The fate of Pyotr Grigorenko, June 1970 (14.2)

<<No 14 : 30 June 1970>>

On 13 May Academicians M.A. Leontovich and A.D. Sakharov, Master of physico-mathematical sciences V.F. Turchin and physicist V.N. Chalidze lodged a “Complaint concerning supervisory oversight” with USSR Procurator-General Rudenko against the decisions of the Tashkent City Court and the Uzbek Supreme Court (CCE 12.2) in the case of P.G. Grigorenko.

Petro Grigorenko, 1907-1987

The document refers to “serious procedural violations committed at the stage of preliminary investigation and at the trial”.

For example

1. the preliminary investigation was not conducted at the scene of the activities which serve as the basis of the charge against Grigorenko. The Procuracy of the Uzbek Republic groundlessly justifies this by claiming “that the majority of the witnesses are resident in Tashkent”: in fact of 106 witnesses questioned more than 80 live in Moscow;

2. the unlawful physical coercion and treatment of the accused during preliminary detention which was degrading to human dignity;

3. the violation of the constitutional right to defence, in the form of “constant and sometimes groundless rejection of petitions submitted by the defence lawyer aimed at correcting the procedural omissions during the investigation and in court” (the complaint enumerates instances of violation of the right to defence);

4. the lack of a full and comprehensive investigation of the case in court: the considerable difference between the number of witnesses (106) questioned on the case and (30) summoned to court, of whom only five actually appeared in court; the disproportion in the number of documents considered criminal (300) and those examined by the court (3); the lack of analysis in court of the question of “the subjective aspect of the activities of which P.G. Grigorenko is accused”;

5. the lack of a well-founded decision by the court on whether Grigorenko is of sound mind, and the rejection of the defence’s petitions for the appointment of a third commission “to resolve the contradictions” between the first and second.

The authors of the complaint request that an appeal be lodged against the decision of the Tashkent City Court, that the execution of that decision be suspended and that P.G. Grigorenko be released from custody.

*

On 8 May Kh. Gumirov wrote to Podgorny requesting an amnesty for political prisoners, and in the first instance for P.G. Grigorenko, on the eve of Victory Day and of the elections.

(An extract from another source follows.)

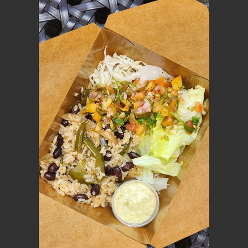 Introducing the Power Taco Salad, a perfect vegetarian meal packed with wholesome ingredients for a nutritious and satisfying experience. This hearty salad features a base of brown rice, sautéed fajita bell peppers and onions, black beans, and pico de gallo, topped with crisp lettuce and raw shredded cabbage for added crunch. Served with a side of our signature house-made jalapeño crema, it delivers bold flavors with every bite. The Power Taco Salad is designed for health-conscious individuals looking for a balanced, protein-rich vegetarian option.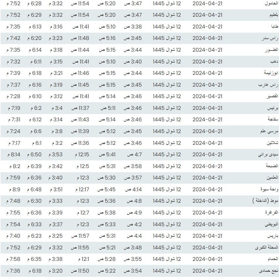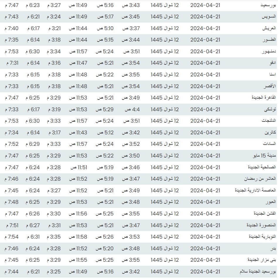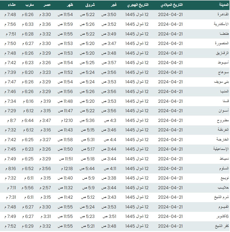 وفيما يلي مواقيت الصلاة، لعدد من مدن ومحافظات الجمهورية من واقع بيانات الهيئة العامة للمساحة

In the opinion of the writer of the letter, this is essential for the observation of legality, the strengthening of socialist democracy and for “definitive destalinisation in our country”.

Since June P.G. Grigorenko has been hold in the Special Psychiatric Hospital in Chernyakhovsk (see CCE 8.7 and CCE 11.2 “the Special Psychiatric Hospitals“).

At the beginning of June P.G. Grigorenko was visited in hospital by two men in plain clothes who, without giving their names, suggested that he should renounce his beliefs. P.G. Grigorenko refused to talk to them. After this he was attached for the exercise period to a group of aggressively-inclined inmates.

On 15 June he was visited by his wife. She was kept waiting for eight hours. Representatives of the hospital administration were present at their meeting.

*

Most of the inmates of this Special (i.e. prison) Hospital are really mentally ill and have been convicted for rape and murder.

The hospital ward is a cell of six square metres. It contains two people: Pyotr Grigorevich and his cell-mate, who stabbed his wife to death and is in a constant state of delirium. There is room to take only two steps – one can merely get up and get dressed. There are about two hours’ exercise a day, the rest of the time being spent in the locked cell.

Pyotr Grigorevich has been deprived of paper and pencil.

His enforced immobility, the acute pains in his wounded leg, the ceaseless effect on his mind of a gravely-ill mental patient – all this gives cause for serious concern for the life of 62-year-old P.G. Grigorenko.

His address: Kaliningrad Region [Northwest Russia], Chernyakhovsk, institution 216/st-2.